Archaeological findings in Indus Valley could rewrite Indian identity
NEW DELHI // When Niraj Rai travels to Pune on Wednesday to pick up DNA samples from 4,000-year-old human skeletons, he will set in motion a process that might resolve Indian history’s most fiercely debated question: Who were the ancient Indians?
So far, the archaeological remains of the Indus Valley civilisation, which flourished across north-western India and Pakistan between 3,300 and 1,700BC, have provided few clues about the people who lived there, their ethnic or racial background, the language they spoke, or the religion they followed.
Mr Rai, a geneticist at the Centre for Cellular and Molecular Biology (CCMB) in Hyderabad, will be working with samples from four Indus Valley skeletons that are now at Pune’s Deccan College, in its well-regarded archaeology department.
Until they were excavated in January and February, the human remains — two male, one female, and one child — lay in a cemetery not far from the village of Rakhigarhi, in Haryana, about 150 kilometres from Delhi.
Of the many known archaeological sites dating back to the Indus Valley Civilisation, Rakhigarhi is the largest.
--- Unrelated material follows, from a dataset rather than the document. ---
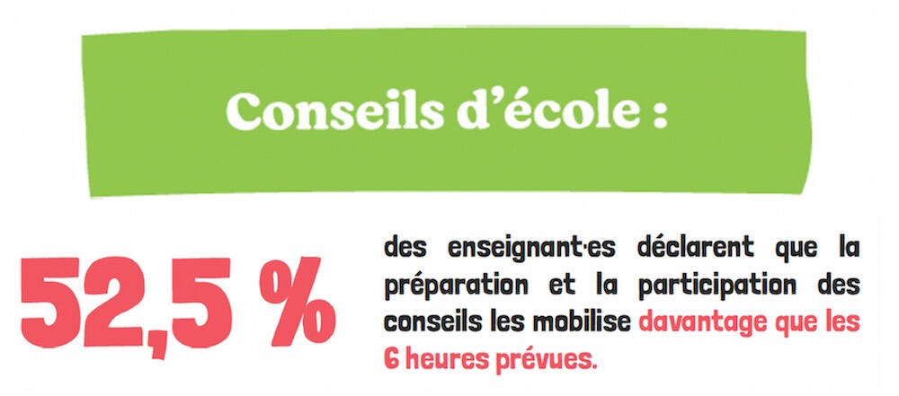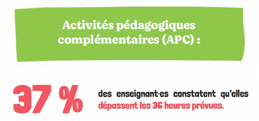 Les 108 heures annuelles prévues dans les textes se partagent entre les APC (36 h), les temps de concertation avec les différents partenaires de la communauté éducative (48 h), les conseils d’écoles (6 h) et la formation (18 h).L’enquête de la FSU-SNUipp montre que pour l’ensemble des professeur·es des écoles, le temps consacré à tout ou partie de ces tâches est sous-évalué :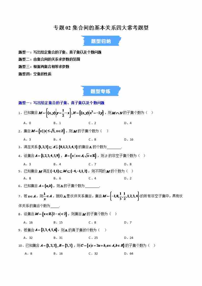 专题02集合间的基本关系四大常考题型(高效培优专项训练)(学生版)

Discovered in 1965, the settlement is spread over three to four square kilometres, and is thought to have been home to nearly 200,000 people. Excavations revealed a planned city, with roads nearly two metres wide, and brick-lined drains on either side. There were fire altars, gold foundries, and a large granary.
Archaeologists even found little toys, including a figurine resembling a dog on a leash.
Although skeletons have been found in Rakhigarhi in the past — 13 of them, in one dig between 1997 and 2000 — as well as in other Indus Valley sites, the four skeletons stored in Pune will be the first to undergo DNA extraction and analysis, Mr Rai said.
Due to humid conditions, skeletons found in Indus Valley Civilisation sites have invariably degraded more than those found in cold locations like the Himalayas, or hot, dry desert locations, said Vasant Shinde, the vice-chancellor of Deccan College and an archaeologist working at Rakhigarhi.
Additionally, “With earlier excavations, we perhaps made mistakes,” Mr Shinde told The National.
“We put the skeletons on display, maybe for a month, so that people could come and see them. And in the process of excavation and display, they got contaminated with modern human DNA.”
At Rakhigarhi this year, archaeologists thus took extra precautions in excavating the skeletons, in a manner that preserve any DNA still on them.
“This time, we immediately wrapped each bone in foil, to avoid contamination and degradation,” Mr Shinde said. “We also collected the soil that would have been around the abdomen area of each skeleton, because the soil can be tested for the eggs of parasites that may have existed within the stomachs of these people.”
“We all have parasite eggs within us, because the food and water we ingest has some minimum contamination,” he said. “But they can tell us something about the diet of these people and their health.”
The four Rakhigarhi skeletons will also benefit from being the first Indus Valley skeletons to be unearthed after CCMB developed its own procedures to test skeletal DNA.
“Each country or region needs its own procedure to analyse ancient DNA, because the weather varies so much that DNA is preserved to different degrees and in different ways,” Mr Rai told The National. “We developed our protocol, specific to Indian conditions, in 2009-10.”
The facility has worked on other cases since its inception. The most notable example, Mr Rai said, was that of a set of 100 samples taken from human remains on the shores of the Roopkund Lake, high in the Himalayas.
The CCMB lab was able to show that the remains were most likely those of travellers from Iran who died during a hailstorm around 800AD.
Until this finding, speculation had it that the remains were of Tibetan monks or of soldiers from an invading army.
The uncontaminated DNA samples from the four Rakhigarhi skeletons, Mr Rai said, will first be “amplified” — a procedure to draw out genetic attributes of the humans from other “junk” bacterial DNA that might be present in the samples.
The sequenced DNA will be entered into a database that contains thousands of samples from across the world, as well as into CCMB’s own diverse database of 30,000 DNA sequences from Indian individuals.
The closest match from these databases to the Rakhigarhi samples will be a matter of immense interest, said Veena Mushrif Tripathi, another archaeologist at Deccan College.
For decades, scholars have hotly debated whether the residents of the Indus Valley Civilisation were “Indo-Aryans” — from a family speaking a branch of the larger Indo-European language — or whether they were other indigenous peoples, who were supplanted and absorbed over time by Indo-Aryan migrants from the west.
No conclusive proof has been presented on either side. Relics have been interpreted in multiple ways, and the civilisation’s “script” — symbols found on clay seals and pottery — has not yet been deciphered.
The Rakhigarhi samples will be compared to DNA from populations to the west of India, from other ancient Indian DNA, and from various modern Indian communities, Ms Tripathi said.
“This will be a considerable contribution to Indian history from the fields of archaeology and anthropology,” she said. “It could rewrite our identities altogether.”